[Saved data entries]
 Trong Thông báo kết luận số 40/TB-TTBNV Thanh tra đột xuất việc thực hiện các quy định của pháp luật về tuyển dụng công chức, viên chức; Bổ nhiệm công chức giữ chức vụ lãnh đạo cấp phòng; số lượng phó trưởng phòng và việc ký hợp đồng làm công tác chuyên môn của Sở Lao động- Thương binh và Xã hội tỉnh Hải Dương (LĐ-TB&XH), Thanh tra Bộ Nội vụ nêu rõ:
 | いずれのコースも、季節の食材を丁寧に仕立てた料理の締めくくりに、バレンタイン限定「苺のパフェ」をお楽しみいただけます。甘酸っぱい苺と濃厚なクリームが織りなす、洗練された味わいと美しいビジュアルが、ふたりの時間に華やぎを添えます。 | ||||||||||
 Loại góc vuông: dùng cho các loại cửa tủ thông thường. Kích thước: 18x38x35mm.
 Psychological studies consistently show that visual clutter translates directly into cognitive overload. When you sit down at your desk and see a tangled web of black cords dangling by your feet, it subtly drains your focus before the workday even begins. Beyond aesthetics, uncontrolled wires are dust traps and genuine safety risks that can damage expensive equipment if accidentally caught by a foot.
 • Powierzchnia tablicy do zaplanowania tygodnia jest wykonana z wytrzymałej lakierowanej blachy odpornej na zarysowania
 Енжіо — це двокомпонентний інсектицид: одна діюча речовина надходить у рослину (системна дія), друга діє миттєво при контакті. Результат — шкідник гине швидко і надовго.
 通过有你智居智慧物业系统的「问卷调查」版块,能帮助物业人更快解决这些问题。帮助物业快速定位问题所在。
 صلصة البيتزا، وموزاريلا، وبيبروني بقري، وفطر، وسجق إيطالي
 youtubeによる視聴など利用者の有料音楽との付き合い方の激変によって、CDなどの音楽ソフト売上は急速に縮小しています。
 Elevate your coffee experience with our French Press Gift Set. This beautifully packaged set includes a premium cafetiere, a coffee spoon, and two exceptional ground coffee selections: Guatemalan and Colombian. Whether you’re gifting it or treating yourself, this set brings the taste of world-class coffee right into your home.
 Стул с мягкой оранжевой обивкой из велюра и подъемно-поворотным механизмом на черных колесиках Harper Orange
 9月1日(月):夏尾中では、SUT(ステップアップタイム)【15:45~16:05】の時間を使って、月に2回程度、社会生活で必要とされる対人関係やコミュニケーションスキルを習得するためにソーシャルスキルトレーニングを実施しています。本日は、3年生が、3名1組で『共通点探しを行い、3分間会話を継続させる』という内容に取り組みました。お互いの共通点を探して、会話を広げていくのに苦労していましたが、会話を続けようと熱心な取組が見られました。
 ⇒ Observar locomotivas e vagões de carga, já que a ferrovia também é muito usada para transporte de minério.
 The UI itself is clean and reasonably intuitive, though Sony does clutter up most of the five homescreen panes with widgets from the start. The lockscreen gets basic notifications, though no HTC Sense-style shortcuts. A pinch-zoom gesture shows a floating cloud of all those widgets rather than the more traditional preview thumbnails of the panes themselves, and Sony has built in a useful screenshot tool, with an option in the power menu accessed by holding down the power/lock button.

§ **Task goal**: The expected output is the run of lines from the one holding "Стул с мягкой" to the last line of the entries above, each reproduced character for character.

§ **Solution**:
 Стул с мягкой оранжевой обивкой из велюра и подъемно-поворотным механизмом на черных колесиках Harper Orange
 9月1日(月):夏尾中では、SUT(ステップアップタイム)【15:45~16:05】の時間を使って、月に2回程度、社会生活で必要とされる対人関係やコミュニケーションスキルを習得するためにソーシャルスキルトレーニングを実施しています。本日は、3年生が、3名1組で『共通点探しを行い、3分間会話を継続させる』という内容に取り組みました。お互いの共通点を探して、会話を広げていくのに苦労していましたが、会話を続けようと熱心な取組が見られました。
 ⇒ Observar locomotivas e vagões de carga, já que a ferrovia também é muito usada para transporte de minério.
 The UI itself is clean and reasonably intuitive, though Sony does clutter up most of the five homescreen panes with widgets from the start. The lockscreen gets basic notifications, though no HTC Sense-style shortcuts. A pinch-zoom gesture shows a floating cloud of all those widgets rather than the more traditional preview thumbnails of the panes themselves, and Sony has built in a useful screenshot tool, with an option in the power menu accessed by holding down the power/lock button.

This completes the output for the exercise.